Doncaster is a great place to come from but not such a great place to go to. It’s on the mainline between Kings Cross and Edinburgh and the only notable thing about the station is the large engineering shed alongside the commuter lines. My father was employed in the shed as an electrician’s mate – the ‘appie’ who holds the tools. He didn’t earn much but it was more than the disability grant the government gave him after he had a nose bleed so severe he never worked again.
Sometimes my brothers and I would sit on the bridge trainspotting – usually a very dull pastime unless the Flying Scotsman whistled through on its way to Edinburgh. The train line represented a line of escape – a ticket out of working class mediocrity into the big city – London or a more exotic location like Bristol or Bath. When Dad was still employed we got a free ticket to take the family on holiday every year – to Bridlington or Blackpool. One year we were bold enough to venture abroad – the ticket could be exchanged at Dover for a ferry to the Isle of Wight.
All through High School I dreamed of that ticket out of town – and by the time I was sitting my A levels I had set my sights on the dreaming spires of Oxford. The Oxbridge Entrance Exam was not high on the educational priorities of a Comprehensive school in a largely mining community.

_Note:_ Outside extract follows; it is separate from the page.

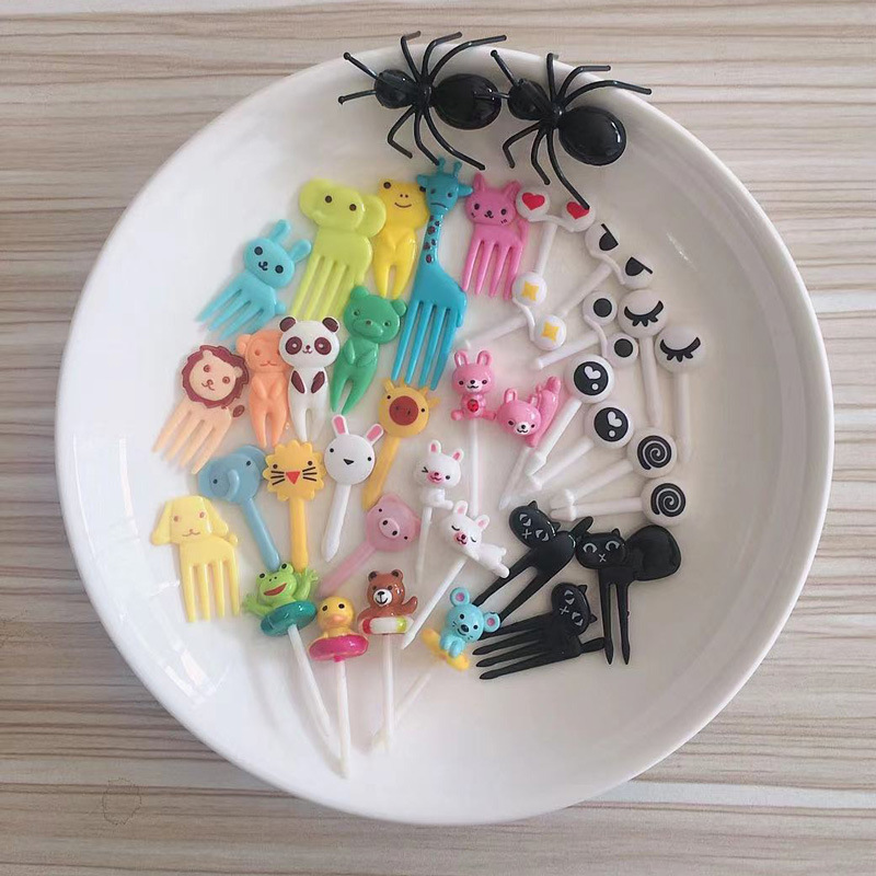 メーカーの卸売り子供の果物とフォークの日本式の弁当は家庭用の甘いものに署名して動物の金に果物の小さいフォークを挿します。

I bullied my mum into asking the Deputy Principal about it at my lower sixth parents’ evening. He was somewhat taken aback but said they would support me if that’s what I really wanted to do – practical support like extra French lessons for the translation paper. As far as the English was concerned – that was pretty much down to my own talents. I am not sure who was the most shocked when I was called for an interview.
It was the first time I had boarded a train on my own – even today I feel a pang of terror when a train pulls up and I have to decide if it’s the right one. It was a grey week in early December. My father was in the hospital – he’d had a stroke and then another one. Lonely and homesick, I struggled through the terrifying interviews and arrived home to the pinched lines of my mother’s brow and the grim scowls of my siblings. I felt even more determined that I was on my way out of this town.
I don’t think my mother ever really wanted me to go but my dad was proud. “She’ll be alright Mary – the lass has ambition, she’ll go further than us.” He was right, though he never knew it.
It was 7.30 in the morning when the hospital rang. We sat in stunned silence for an hour or more until the phone rang again. This time it was Jesus College – I’d been offered a place. I didn’t know whether to laugh or cry.